__What to do__. Starting at the first line of the entries, extract each line up to and including the one that contains "Text | Image |", but leave out the pictures.

__Given data__.
%%

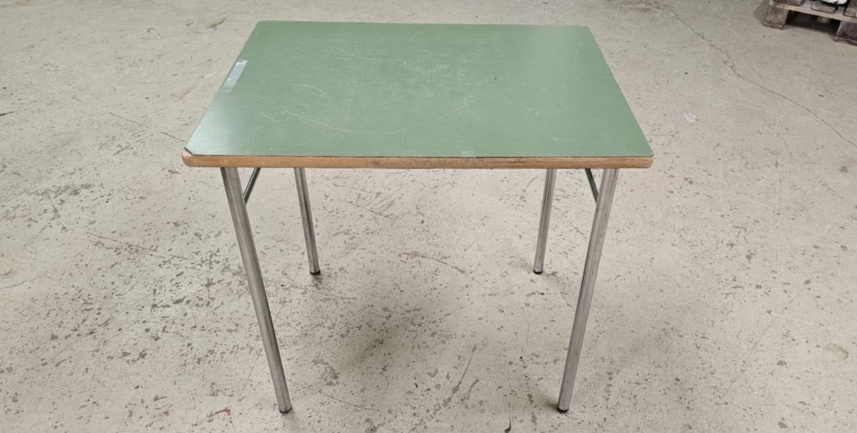 Venjulegt skólaborð með fjórum stálfótum og tréplötu húðaðri með grænu plasti. Platan er dálítið máð og mikið rispuð. Úr eigu Ágústs Guðjónssonar (f.1896) frá Grund í Reyðarfirði, tengdaföður gefanda. Hann hirti borðið úr skólanum á Reyðarfirði þegar fengin voru þangað ný borð.
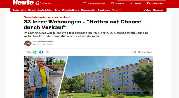 أعلن مجلس بلدية فيينا الجديدة عن قرار بيع 75% من المساكن البلدية البالغ عددها 2192 وحدة سكنية، في خطوة أثارت جدلًا واسعًا بين الأحزاب السياسية والخبراء. وسيبقى 610 شقة فقط في ملكية المدينة.
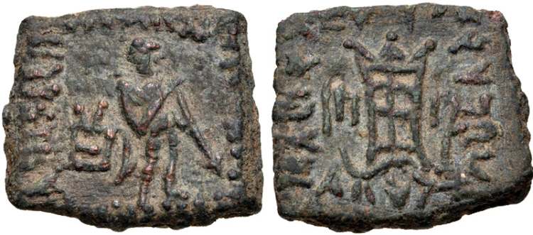| Chakwal Hoard 117 | Baktria, Indo-Greek Kingdom. Strato II Soter. AE 21x19mm, 7.74 g. Apollo standing right, with quiver on back, holding arrow; monogram to left. / Tripod; pi in Kharosthi to left; am in Kharosthi to right. Hoover HGC 479; Senior, Chakwal Hoard, 117. | Text | Image |
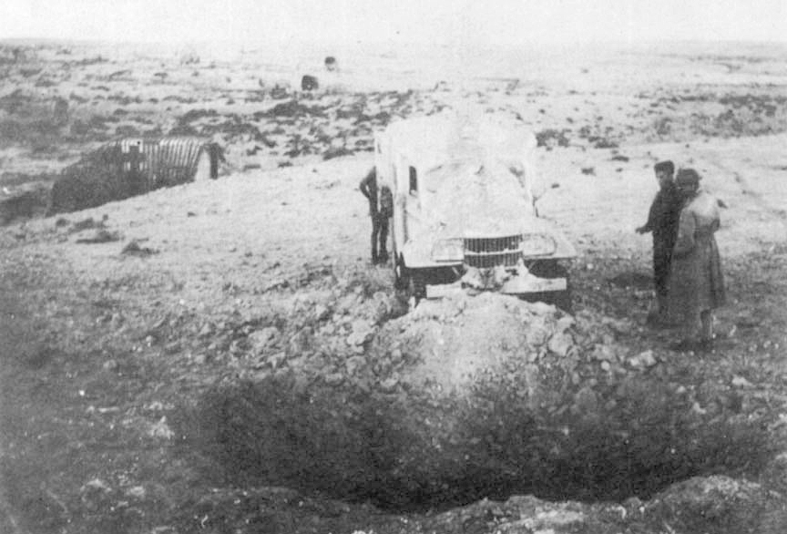 "They hit the rear end of the truck that was our first aid post a direct hit, and why the thing didn't catch fire, I can't guess. Or why, failing that, the shell didn't anyway get B. who was lying in the pit under the body of the truck. All the rest of the outfit except myself were lying in slit trenches within a few feet of it. The most amazing thing how no one was hurt.
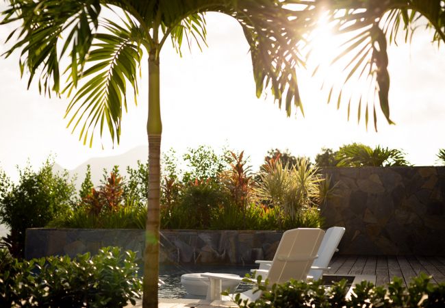 Newly built, this luxury villa offers magnificent views of the Diamond Rock, a private swimming pool with submerged beach and in-water sunbathing area, and beach access at certain times of the year. A long walk at sunset awaits you, returning for an aperitif on the covered terrace and enjoying the last rays over a complimentary rum upon your arrival.

%%

__Exercise result__.
 Venjulegt skólaborð með fjórum stálfótum og tréplötu húðaðri með grænu plasti. Platan er dálítið máð og mikið rispuð. Úr eigu Ágústs Guðjónssonar (f.1896) frá Grund í Reyðarfirði, tengdaföður gefanda. Hann hirti borðið úr skólanum á Reyðarfirði þegar fengin voru þangað ný borð.
 أعلن مجلس بلدية فيينا الجديدة عن قرار بيع 75% من المساكن البلدية البالغ عددها 2192 وحدة سكنية، في خطوة أثارت جدلًا واسعًا بين الأحزاب السياسية والخبراء. وسيبقى 610 شقة فقط في ملكية المدينة.
| Chakwal Hoard 117 | Baktria, Indo-Greek Kingdom. Strato II Soter. AE 21x19mm, 7.74 g. Apollo standing right, with quiver on back, holding arrow; monogram to left. / Tripod; pi in Kharosthi to left; am in Kharosthi to right. Hoover HGC 479; Senior, Chakwal Hoard, 117. | Text | Image |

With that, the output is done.